_Problem requirements_
Repeat the records below verbatim and include no pictures.

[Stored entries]
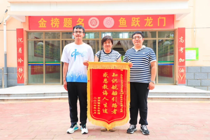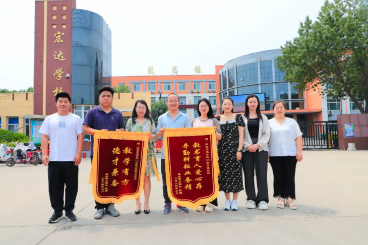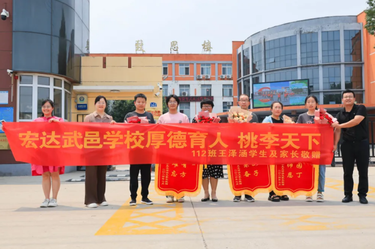 8月7日上午,我校毕业学子柳明儒及其家长来到武邑宏达学校,将写有“知识航船引路者 感恩教诲人生途”、“辛勤耕耘育桃李 呕心沥血培精英”字样的两面锦旗送到了2102班班主任王鹏飞老师及2102班任课老师手中,以此表达对老师们和学校的教育之恩和培育之情。
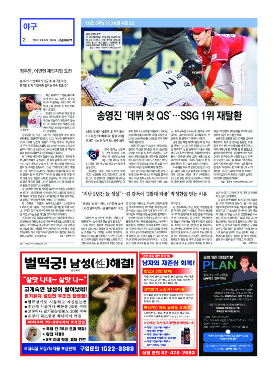 2008년 3월 15일자부터 최근 발행된 스포츠동아 신문 지면을 보실 수 있습니다. (지면 PDF파일 다운로드도 가능)
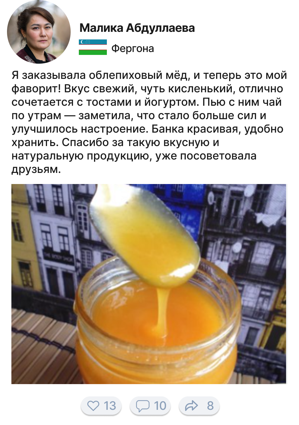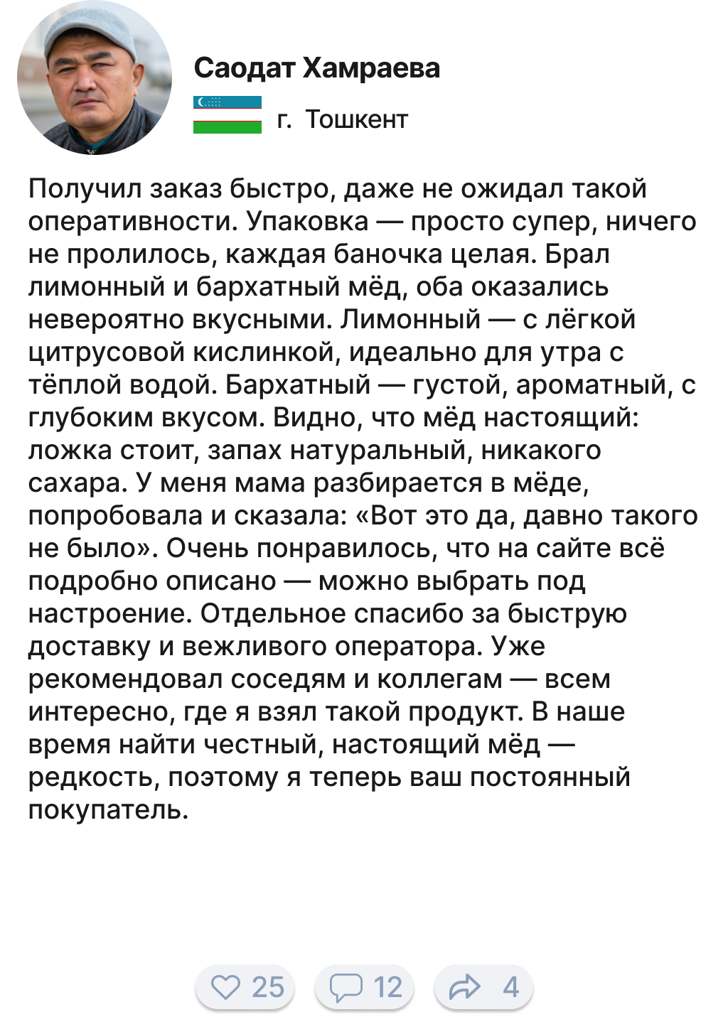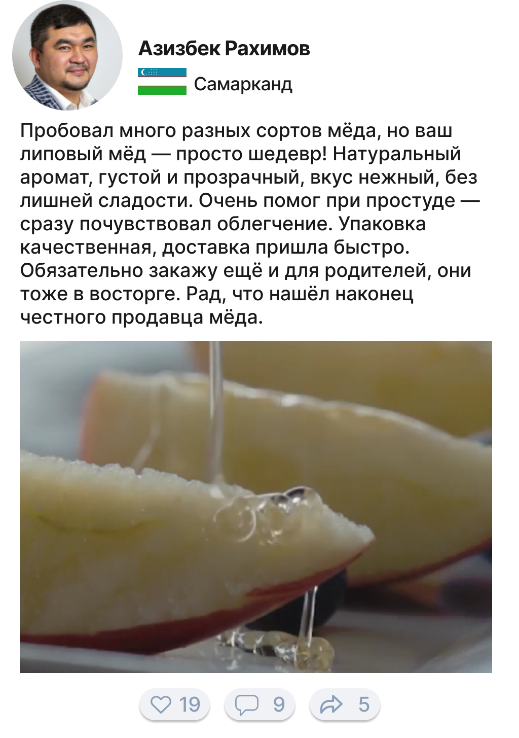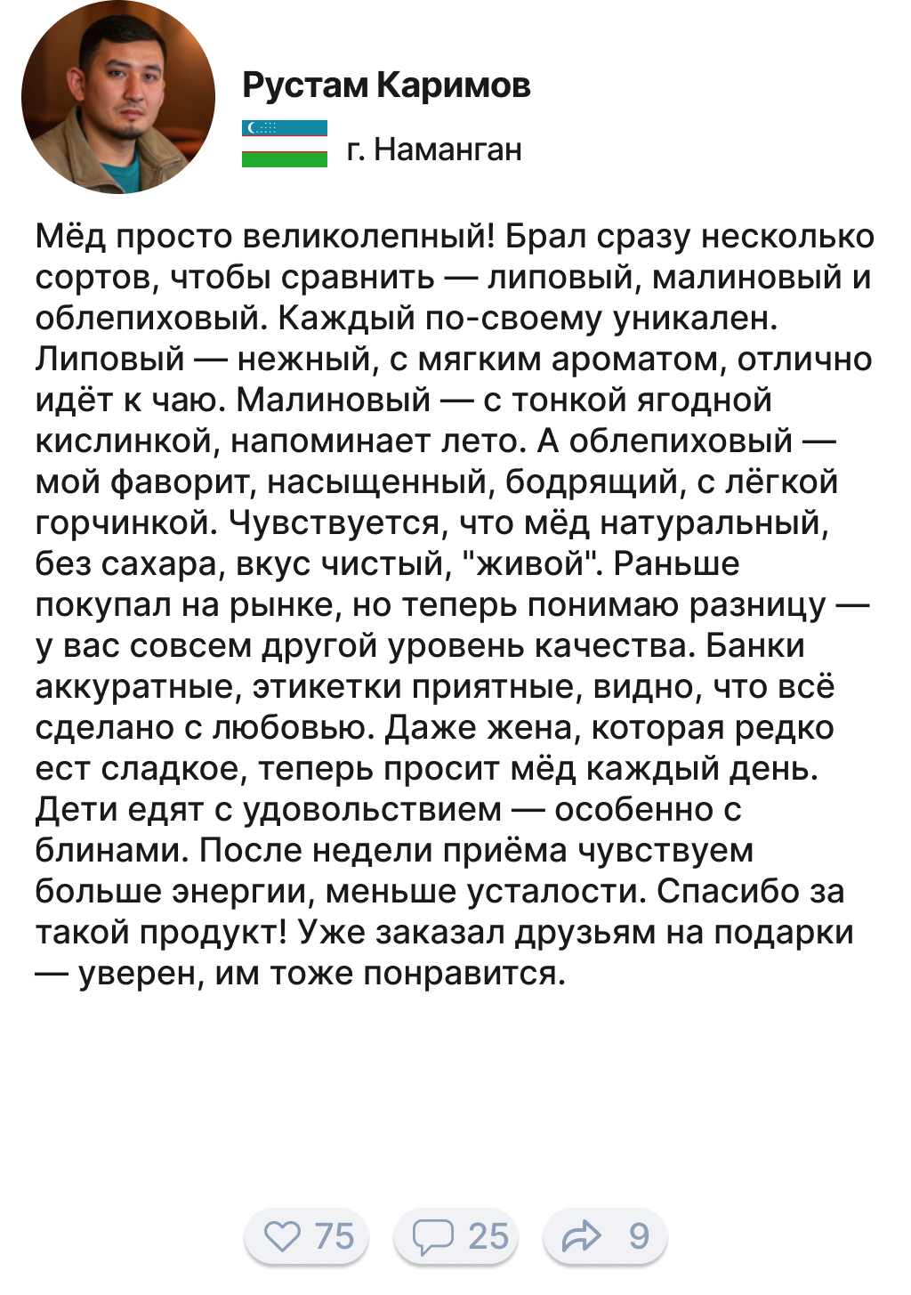 Биз нафақат Ўзбекистонда, балки ундан ташқарида ҳам қадрланадиган ҳақиқий премиум сифатли Россия асалини етказиб берамиз.
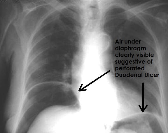 If a peptic ulcer perforates, air will leak from the inside of the gastrointestinal tract to the peritoneal cavity. This leads to “free gas” within the peritoneal cavity. If the patient stands erect, as when having a chest X-ray, the gas will float to a position underneath the diaphragm. Therefore, gas in the peritoneal cavity, shown on an erect chest X-ray or supine lateral abdominal X-ray, is an omen of perforated peptic ulcer disease.
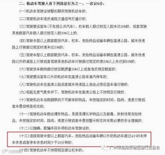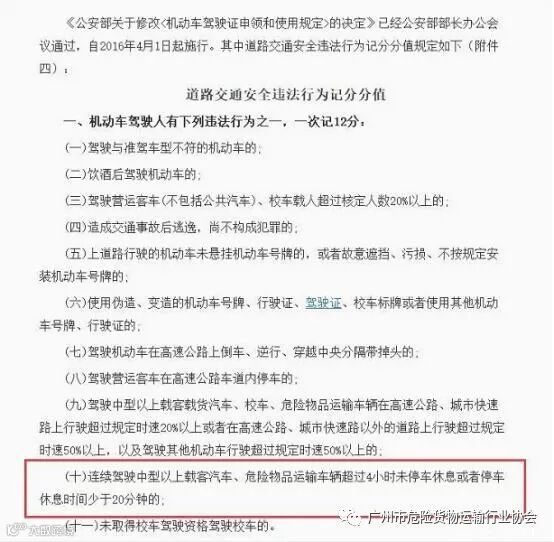 这么严?看看法律怎么规定的!《机动车驾驶证申领和使用规定》:连续驾驶中型以上载客汽车、危险物品运输车辆超过4小时未停车休息或者停车休息时间少于20分钟的,一次扣12分;连续驾驶中型以上载客汽车、危险物品运输车辆以外的其他机动车超过4小时未停车休息或者停车休息时间少于20分钟的,一次扣6分。

_Answer for this exercise_
 8月7日上午,我校毕业学子柳明儒及其家长来到武邑宏达学校,将写有“知识航船引路者 感恩教诲人生途”、“辛勤耕耘育桃李 呕心沥血培精英”字样的两面锦旗送到了2102班班主任王鹏飞老师及2102班任课老师手中,以此表达对老师们和学校的教育之恩和培育之情。
 2008년 3월 15일자부터 최근 발행된 스포츠동아 신문 지면을 보실 수 있습니다. (지면 PDF파일 다운로드도 가능)
 Биз нафақат Ўзбекистонда, балки ундан ташқарида ҳам қадрланадиган ҳақиқий премиум сифатли Россия асалини етказиб берамиз.
 If a peptic ulcer perforates, air will leak from the inside of the gastrointestinal tract to the peritoneal cavity. This leads to “free gas” within the peritoneal cavity. If the patient stands erect, as when having a chest X-ray, the gas will float to a position underneath the diaphragm. Therefore, gas in the peritoneal cavity, shown on an erect chest X-ray or supine lateral abdominal X-ray, is an omen of perforated peptic ulcer disease.
 这么严?看看法律怎么规定的!《机动车驾驶证申领和使用规定》:连续驾驶中型以上载客汽车、危险物品运输车辆超过4小时未停车休息或者停车休息时间少于20分钟的,一次扣12分;连续驾驶中型以上载客汽车、危险物品运输车辆以外的其他机动车超过4小时未停车休息或者停车休息时间少于20分钟的,一次扣6分。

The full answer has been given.